I've been replicating across some of the functionality of my TD(lambda) bridge player project into Java to test in Tyrrell's world. Last night, I fixed a kind of obvious bug that had slipped me for a week or so and made it work hopefully properly, at least for the TD(0) case.
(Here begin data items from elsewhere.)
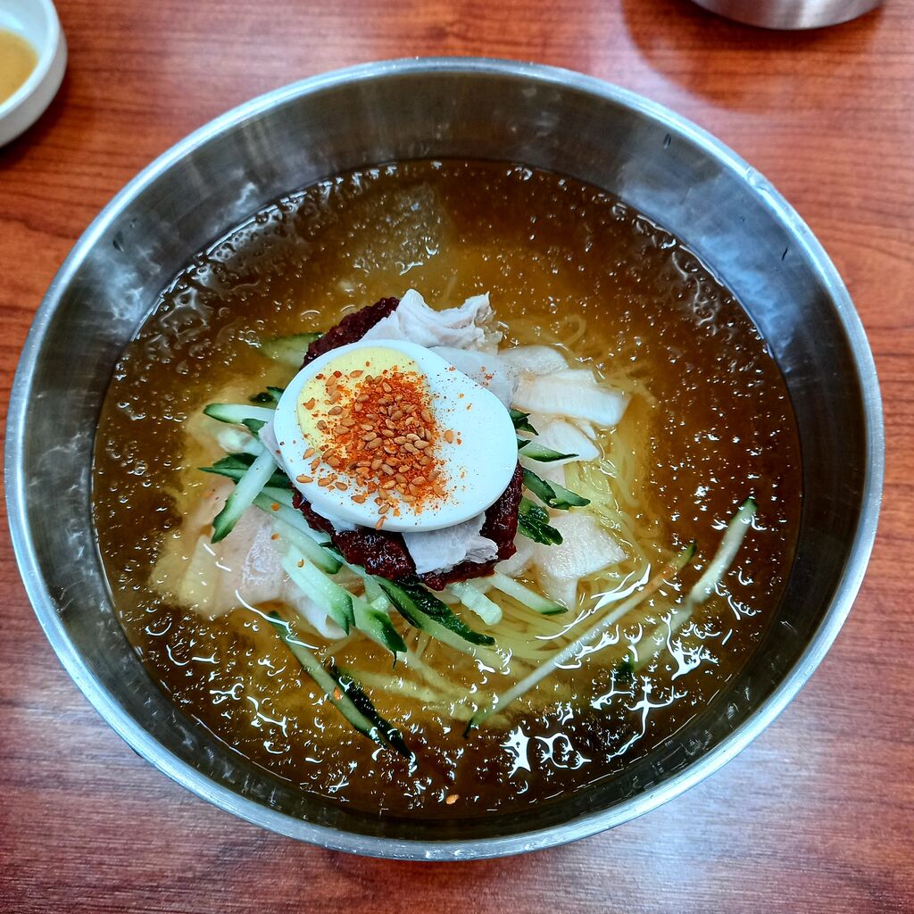 スープは、ソウルの冷麺のトンチミスープと違って、しっかりお肉味
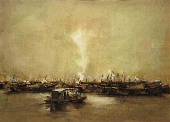 郑来喜创作之初以他最熟悉的家乡海边与乡村的风景入画,宏大宽阔的海面、远近不一的船帆桅杆、高低错落的房屋与街道……画面强烈的节奏天然地符合地平线构图。艺术家对乡村的眷恋在步入广州这座大都市后转向珠江两岸的城市景象,对风景的描绘范畴从乡村风景拓宽至城市景观。而这种通常适用于风景的图式运用于人物绘画时产生了独特的空间感,同时,其捕捉到人群的疏密排布与风景的高低远近构成某种节奏与形式上的共鸣,继续将自我创作的个性化图式进行拓宽。
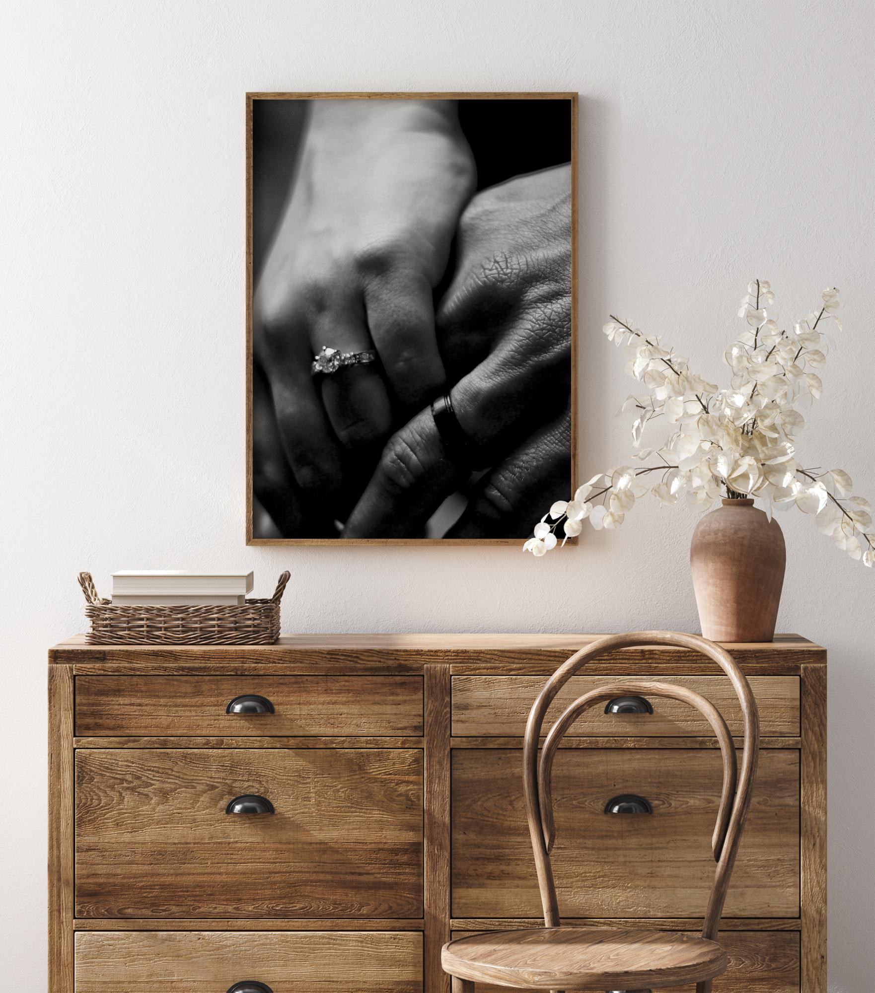 Романтичен черно-бял принт на две ръце, които носят пръстени. Силно и емоционално изображение на тъмен фон. Естествената светлина осветява малкия пръстен, приличащ на диамант. Романтичен постер, който да закачите на стена в спалнята.

The performance in Tyrrell's world wasn't all that great though, so I started decreasing the softmax temperature parameter to make it a bit more greedy... here's an interesting result:

with temperature ~=0.8:
Steps: 255 Sexed: 0
Steps: 11 Sexed: 0
Steps: 263 Sexed: 0
Steps: 274 Sexed: 0
Steps: 211 Sexed: 0
Steps: 257 Sexed: 0
Steps: 253 Sexed: 0
Steps: 251 Sexed: 0
Steps: 254 Sexed: 0
Steps: 307 Sexed: 0
Steps: 428 Sexed: 0

with temperature=0.14:
Steps: 391 Sexed: 0
Steps: 392 Sexed: 0
Steps: 393 Sexed: 0
Steps: 393 Sexed: 0
Steps: 392 Sexed: 0
Steps: 391 Sexed: 0
Steps: 394 Sexed: 0
Steps: 391 Sexed: 0
Steps: 394 Sexed: 0
Steps: 391 Sexed: 0
Steps: 392 Sexed: 0
Steps: 393 Sexed: 0

I'd have thought survivability was random if you did practically nothing, but I guess not? Anyway, that's obviously a bit too low.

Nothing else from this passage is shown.